Segment Open
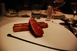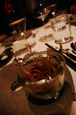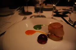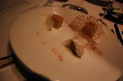 This was one of the most unforgettable dining experiences I've ever ha . I don’t think I’ve ever experienced so many flavours in one sitting. Bo Innovation is the Chinese version of El Bulli and Fat Duck. It’s Asian molecular cuisine. And there was definitely a wide variety of intense flavours tasted throughout dinner. The menu choice was pretty limited. Which is expected. 3 choices for Dinner: Tasting Menu, Chefs Menu, Chefs Table Menu. We all ordered Chefs Table Menu as the entire table has to order it if one wants it. It was a 15 Course Meal. It was insane. We sat down at 7pm, took a while to decide what to eat and our first dish probably came out at about 7:45 and we left the place at around 11:30pm. It was a nice long dinner. The service was definitely great, the waiter was extremely friendly and helpful and he walked us through the menu to let us know how the meal was going to work. Before every course he explained what was in each dish, the idea behind the dish and how to eat it. The waiter had a business card. That was a first. And he’s only worked there for a year. First dish. Oyster with Spring onion, lime and ginger snow. Thing is. I don’t like raw oysters. However. After we decided which menu to have, he asked whether there was anything each of us didn’t like or were allergic to, and I didn’t like raw oysters and so he said he’ll have a replacement course for me. And he did! The Chef made me a “dead garden” which was morel, dried caterpillar fungus, green onion and lime. #2: Caviar, Smoked quail egg, crispy taro. This was good too. The smoked quail egg tasted like “fun dan” #3: Taro, Demon riesling, Black truffle. They actually came to our table with a cart and had these plates of tiny soup then this server came and explained this dish and how this company deliberately created this wine for their restaurant and they use it in this soup. And then grates the black truffle right in front of us. It was very yummy =) I could definitely taste everything they say they have in the dish. I could taste the taro in the soup, the truffles obviously and the wine. #4 Har Mi [蝦米] This dish is apparently award winning and after I ate that dish I knew why. A dish serving har mi noodle, carabinero, capellini, chilli and sage. It was the best combination of flavours and foods ever. It was funny it reminded me of eating in a cha chan teng because that’s usually when I eat my food with chilli oil. But the prawn was perfectly seared so it was medium rare, the noodles were the perfect texture, and everything all mixed together was just delicious.#5 Bamboo, baby shoot, pith, foie gras. The smell of the dish was very… interesting. The strong smell of the bamboo made all of us wonder what this dish was going to taste like and whether it would ruin the foie gras but it didn’t even affect the taste of the dish. This was another dish that was just perfectly prepared. The foie gras was suvi’d… I didn’t know how else to phrase how the foie gras was cooked. And the pith wrapped around it created the perfect combination of textures to eat it with. AND with the red peppercorn sauce. mmmm….#6: Scallop, kaffir lime, kyoho grapes, sea urchin, mango, shichimi, potato. So this dish the server explained was supposed to represent all the flavours. Salty, bitter, sweet and sour. And I definitely tasted all 4 flavours in this dish. The entire dining experience was fun because we really got along with the server and he said if we could guess where each item of this course was on the dish then he was going to leave. But we couldn’t figure out where the sea urchin was. And the sea urchin was mixed with the mango sauce. Which made sense visually but I couldn’t really taste it even though my sister said she could. I don’t like sea urchin so that’s probably why I wasn’t familiar with identifying the taste. Shichimi is just 七味粉 which was mixed in with the potato. This was another great dish, you eat the scallop and potato together dip it with the lime sauce which reminds you of tom yum gung because of that strong lime taste. And then you eat the jelly grape with the mango sea urchin sauce. So salty with bitter, and sweet with sour.After that. The following courses were good, but not dish can be outstanding:#7: Iberico 36, morel, vermicelli, onion foam#8: Molecular “xiao long bao”in between they served us a palette cleanser: dragon fruit with ginseng sorbet. It was refreshing to eat and definitely helped cleanse the flavours out of our mouth to prepare us for the next course. #9: Salmon, “fu yu”, spinach#10: Squid, sweet bread, lettuce greens (served with soup) - this was really good.#11: Black truffle, wagyu M9+, and “cheung fun” - SUPER GOOD. #12: Sex on the beach….. this was a optional choice on the menu. It’s a dessert which I won’t elaborate on it but it was quite interesting aesthetically to look at… it was served in a martini glass with strawberries at the bottom, peppercorn cream (which I didn’t like. I would have preferred if it was mascarpone but then that would be too typical), served on top with maple flavoured crumbs. The supplementary fee goes to money that is donated to an AIDS organization. Then we had 3 more courses of dessert:#13: Sandalwood, almond, hawthorn. I did not like this dessert. This was the only thing I did not finish. It was panna cotta served in this glass jar and when you open the glass lid smoke comes out and it’s sandalwood which reminds you of incense. Which was the purpose of it… and the entire dessert tasted of this smoke as well, which I didn’t like about it. #14: Shui Jing Fang, banana, vanilla, caramel, raisins. Shui Jing Fang, the server explained, is this 52% alcohol and is a special wine which they mixed into with the caramel sauce. I mixed it in with the ice ceam and it sure was really alcoholic. It was too alcoholic for me though. The only thing I liked about this dessert was the ice cream. LAST B
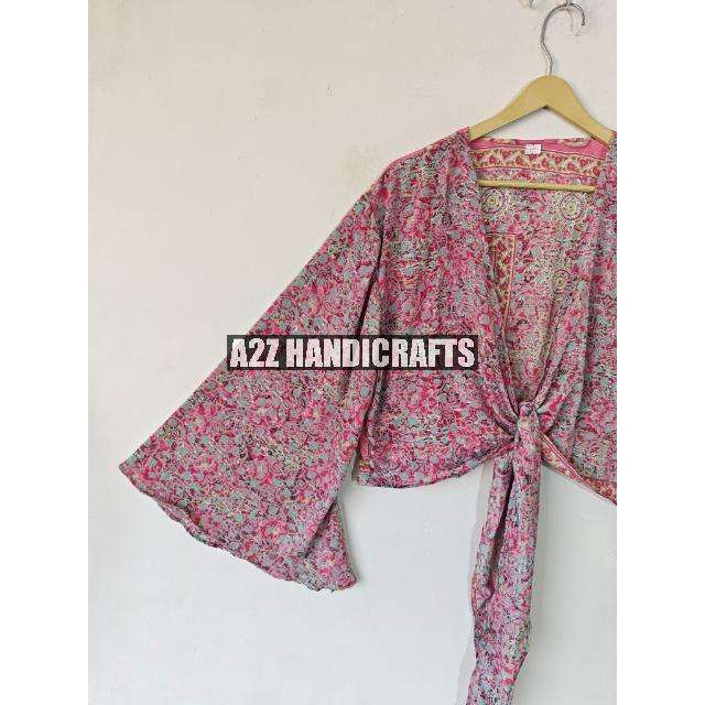 Most Trending Women's Floral Dot Crop Top Summer Wear Casual Silk Wrap Tie Blouse Deep V Long Bell Sleeves Party Wear Top
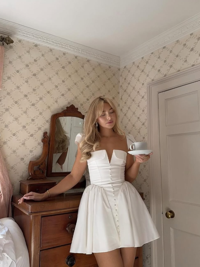Princess A Line V Neck White Satin Short Homecoming Dress Birthday Dress HZ1023
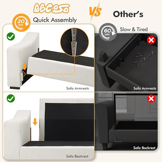 - EASY ASSEMBLY - The corner sectional couch comes in several packages that may arrive separately on different days. Follow our clear instructions,it will only take you about 30 minutes to set up the sofa. If you have any issues after purchasing the product, please contact us,we are always here to help.
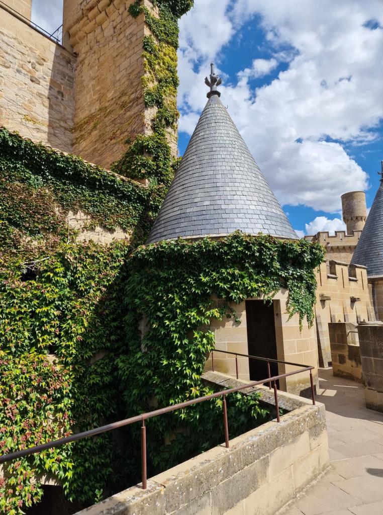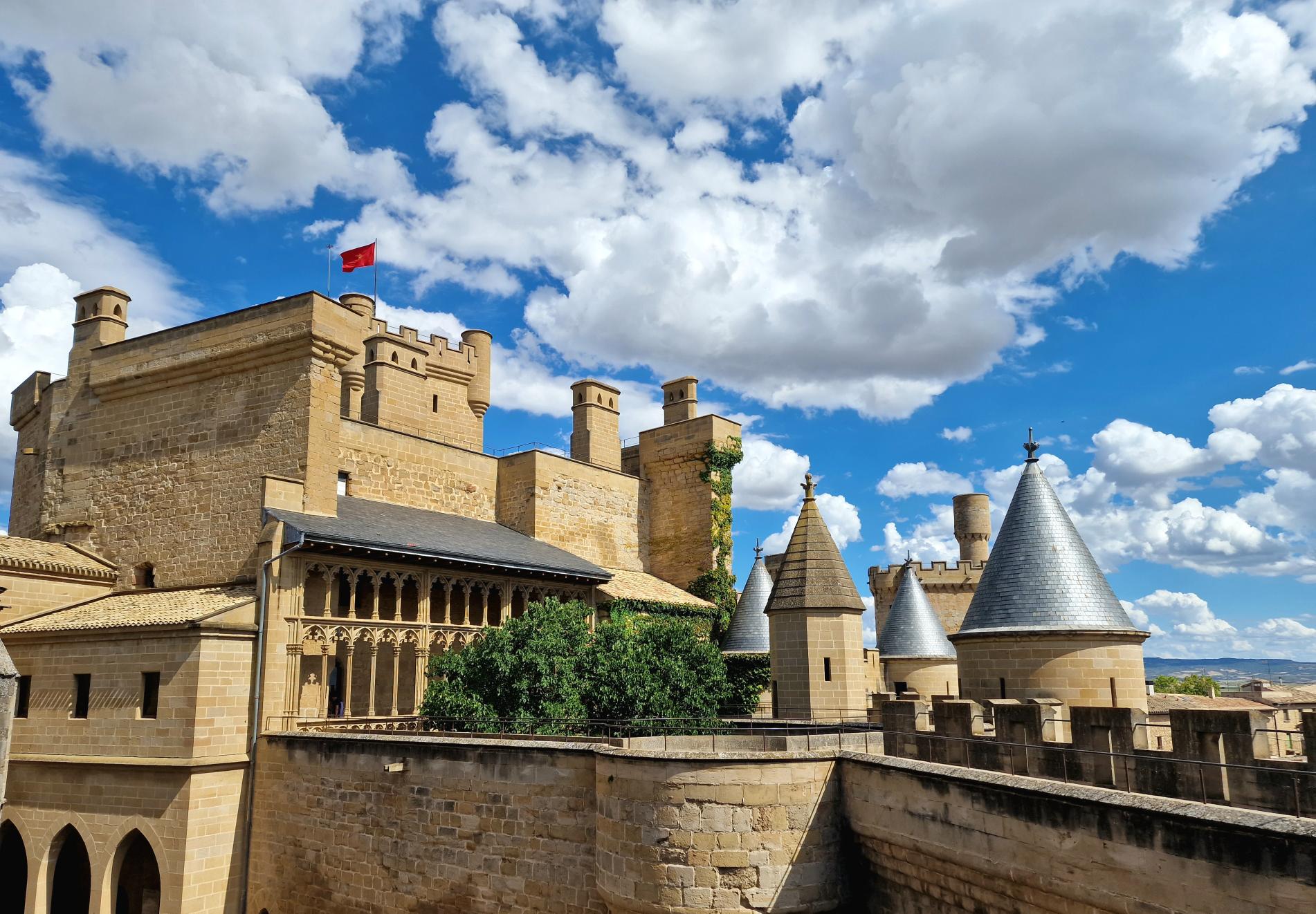 Olite. Een klein stadje met een prachtig middeleeuws uitziend centrum. Er zijn terrasjes, winkeltjes, een kleine supermarkt, en we kunnen er ’s avonds een hapje eten. Dan overnachten op een camperparking en van daaruit de volgende dag door naar een natuurpark in de regio. Ik heb het goed geregeld. De wegen zijn leuk om te rijden, het uitzicht is bijna overal natuur, soms groen soms dor, een dunbevolkte regio. Moeiteloos vinden we Olite, en we parkeren aan de rand van het stadje.
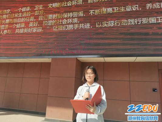 仪式最后,郑州八中政教主任甘铁权作总结性发言。他希望通过爱国卫生月活动的开展,全体郑州八中师生都要提升关注卫生、净化环境、珍爱生命的思想意识,从自身做起、从小事做起、从身边做起,提高自己的卫生健康水平,提高学校环境卫生整体水平,提高我们国家的环境卫生整体水平,使我们生活的家园卫生环境更美好,更健康、更舒适、更幸福!
Segment Closed
Begin at the line containing "- EASY ASSEMBLY" and restate exactly every line through the end of the material, skipping the pictures.

 - EASY ASSEMBLY - The corner sectional couch comes in several packages that may arrive separately on different days. Follow our clear instructions,it will only take you about 30 minutes to set up the sofa. If you have any issues after purchasing the product, please contact us,we are always here to help.
 Olite. Een klein stadje met een prachtig middeleeuws uitziend centrum. Er zijn terrasjes, winkeltjes, een kleine supermarkt, en we kunnen er ’s avonds een hapje eten. Dan overnachten op een camperparking en van daaruit de volgende dag door naar een natuurpark in de regio. Ik heb het goed geregeld. De wegen zijn leuk om te rijden, het uitzicht is bijna overal natuur, soms groen soms dor, een dunbevolkte regio. Moeiteloos vinden we Olite, en we parkeren aan de rand van het stadje.
 仪式最后,郑州八中政教主任甘铁权作总结性发言。他希望通过爱国卫生月活动的开展,全体郑州八中师生都要提升关注卫生、净化环境、珍爱生命的思想意识,从自身做起、从小事做起、从身边做起,提高自己的卫生健康水平,提高学校环境卫生整体水平,提高我们国家的环境卫生整体水平,使我们生活的家园卫生环境更美好,更健康、更舒适、更幸福!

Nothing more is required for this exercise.